В повисшей тишине от нее напряженно ждали ответа, но некстати рядом громко заржала лошадь — та самая, мощного телосложения, на которой девушка приехала домой. С уст Тери вырвался смешок.

— Вы думаете, ваши иконки, книжки подействуют на меня? — риторически спросила девушка. — Я не демон, идиотки вы пустоголовые!

Все присутствующие возмущенно заулюлюкали дерзким словам пленницы. Женщин, вышедших вперед с иконами и Святыми писаниями, поглотила и оттеснила назад толпа мужчин, выступивших вперед и готовых к нападению на беззащитную пленницу. Кто-то из этой разъяренной группы еще раз спросил девушку:

— Отвечай, где наши дети, тварь! Пять детей похитили твои ироды, пять! Говори, или мы убьем тебя той смертью, какой ты заслуживаешь.

— Забросаете до смерти иконами? Или книгами? — насмешливо произнесла девушка. Говоривший мужчина залепил звонкую пощечину, Тери отлетела на пол. Подниматься и отвечать на вопросы, на которые у девушки не было ответов, она не хотела и не могла. Терисия просто смотрела в пол хлева до тех пор, пока все не покинули помещение, не оставили ее один на один с мыслями, холодом и болью.

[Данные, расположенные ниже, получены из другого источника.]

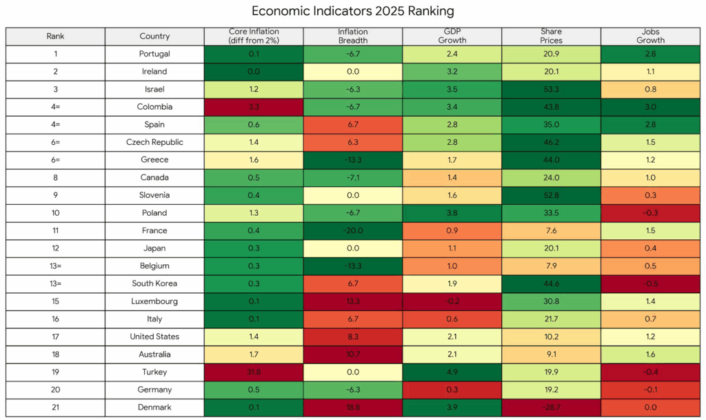 Segundo o ranking, Portugal lidera com um crescimento do PIB de 2,4% no terceiro trimestre, inflação em baixa e uma alta de 20,9% no mercado acionário. A revista destacou ainda o avanço do turismo e a chegada de estrangeiros com alto poder aquisitivo, atraídos pelas condições fiscais.

Девушку ждала долгая бессонная ночь, первая, когда она отказалась молиться. Ангел Господень всегда был для Тери частью ее родного дома, семьи, но семья ее предала и возненавидела. Грош цена тому верующему, который судит не по сути, а по внешности. Без молитвы Терисия ощутила себя полностью одинокой. В тяжелые времена только вера спасала, а теперь надежды нет. До рассвета в воспоминаниях всплывали сцены из детства, фразы отца, стряпня матери, игры с сестрами, и каждый такой кадр из прошлого иглой вгонялся в сердце, вынуждал слезы течь из глаз без остановки.

С рассветом в хлев заявилась дюжина крепких мужчин. Они отстегнули замок с ее цепью от столба и стали тумаками выталкивать из сарая на улицу, где собралось будто бы все село целиком. Многие старые знакомые Терисии кричали ей в лицо обидные слова, проклятия и угрозы, а сама пленница уже не сопротивлялась, не отвечала никому и покорно шла навстречу своей судьбе. На главной улице в землю вбили толстый столб, внизу сделали подушку из дров и хвороста. Тери без страха взошла на место своей казни, позволила крепко привязать себя к столбу.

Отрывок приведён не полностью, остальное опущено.